1

code:

const x = 6;
const ob = {x: [6.1, 6.5]} 
console.log(ob) // {x: [6.1, 6.5]}

const y = 6;
const ob = {[y] : [6.1, 6.5]};
console.log(ob) // {6: [6.1, 6.5]}

Why square brackets allow use the value of the variable as object key, is this related to destructuring??

Saher Elgendy
  • 981
  • 1
  • 10
  • 20
  • 1
    It's a special type of syntax known as computed property names. See: [What do square brackets around a property name in an object literal mean?](https://stackoverflow.com/q/34831262) – Nick Parsons Jul 07 '20 at 03:46
  • 1
    thanks for that info, – Saher Elgendy Jul 07 '20 at 03:47
  • 2
    It's not related to destructuring. In your first example, the two "x"s have nothing to do with each other (the `const x` line is unused). The syntax `ob["foo"]` is the same as `ob.foo`, but you can only use the latter syntax because "foo" is a valid identifier. You could use `ob["foo-bar"]` but not `ob.foo-bar`. The bracket syntax also allows you to use a property where you don't know the key at compile time, eg `const key = calculateKey();ob[key]` – user2740650 Jul 07 '20 at 03:52

2 Answers2

1

The square brackets allow for computed property keys. In other words, the value of the variable inside of the square brackets is processed before the value is accessed.

kenput3r
  • 184
  • 1
  • 9
1

Its called Computed Property Names, its implemented using bracket notation(square brackets) []

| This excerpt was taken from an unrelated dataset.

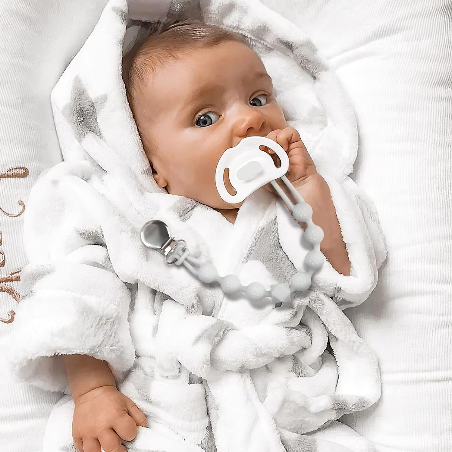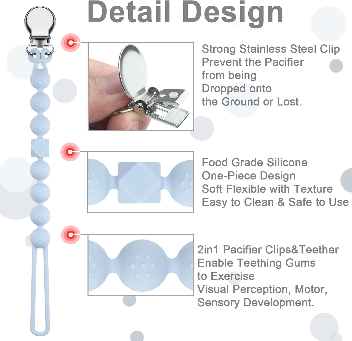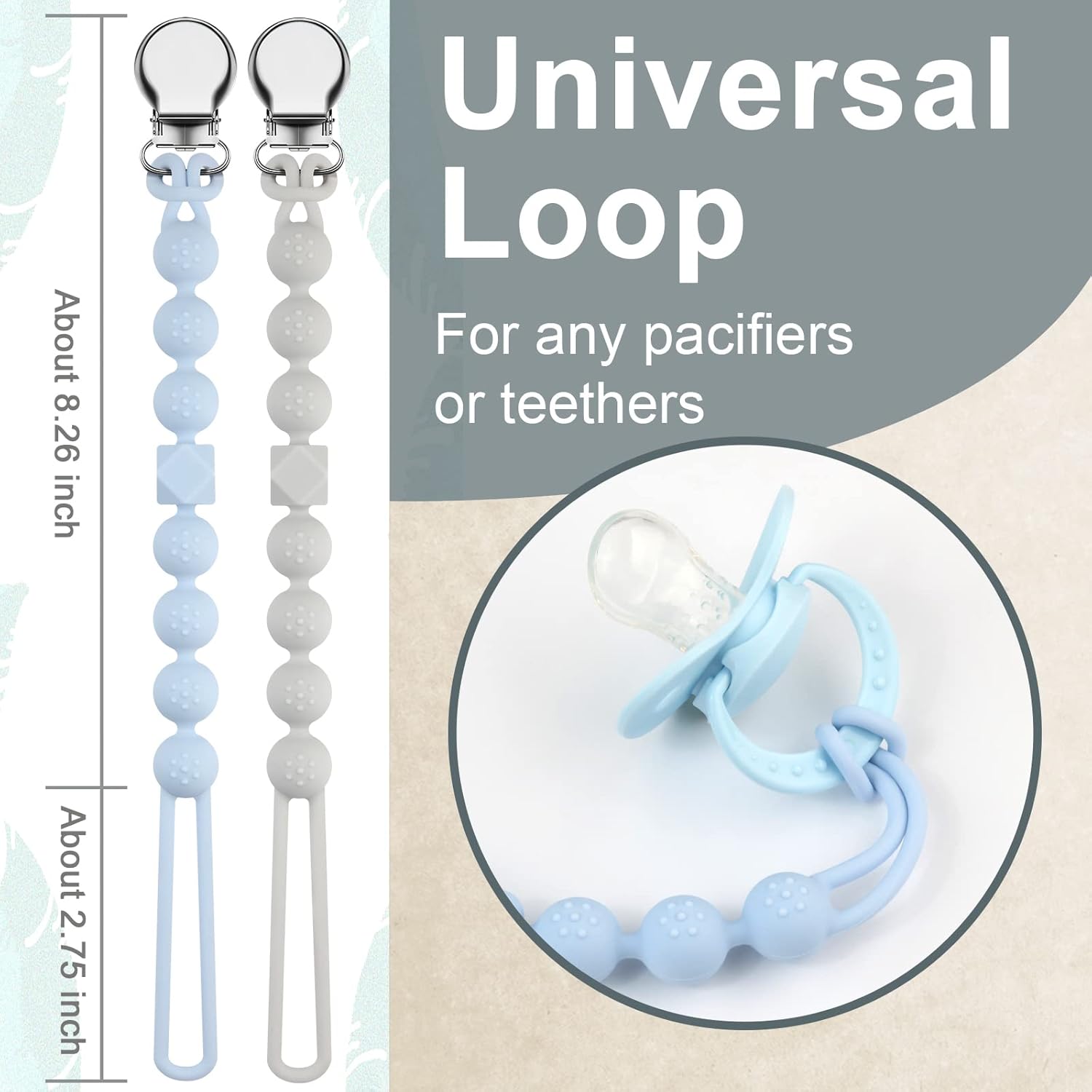 Silicone Dummy Clips Teething for Boys Girls are Made of Food Grade Material, Universal Fit all Brand Pacifiers, Adult Supervision is Recommended. Baby Shower Gifts. BPA Free.

Example: { [variableName] : someValue }

For ES5, try something like this

var yourObject = {};

yourObject[yourKey] = "yourValue";

console.log(yourObject );

Example:

var person = {};
var key = "name";

person[key] /* this is same as person.name */ = "John";

console.log(person); // should print  Object { name="John"}
Omar
  • 648
  • 7
  • 11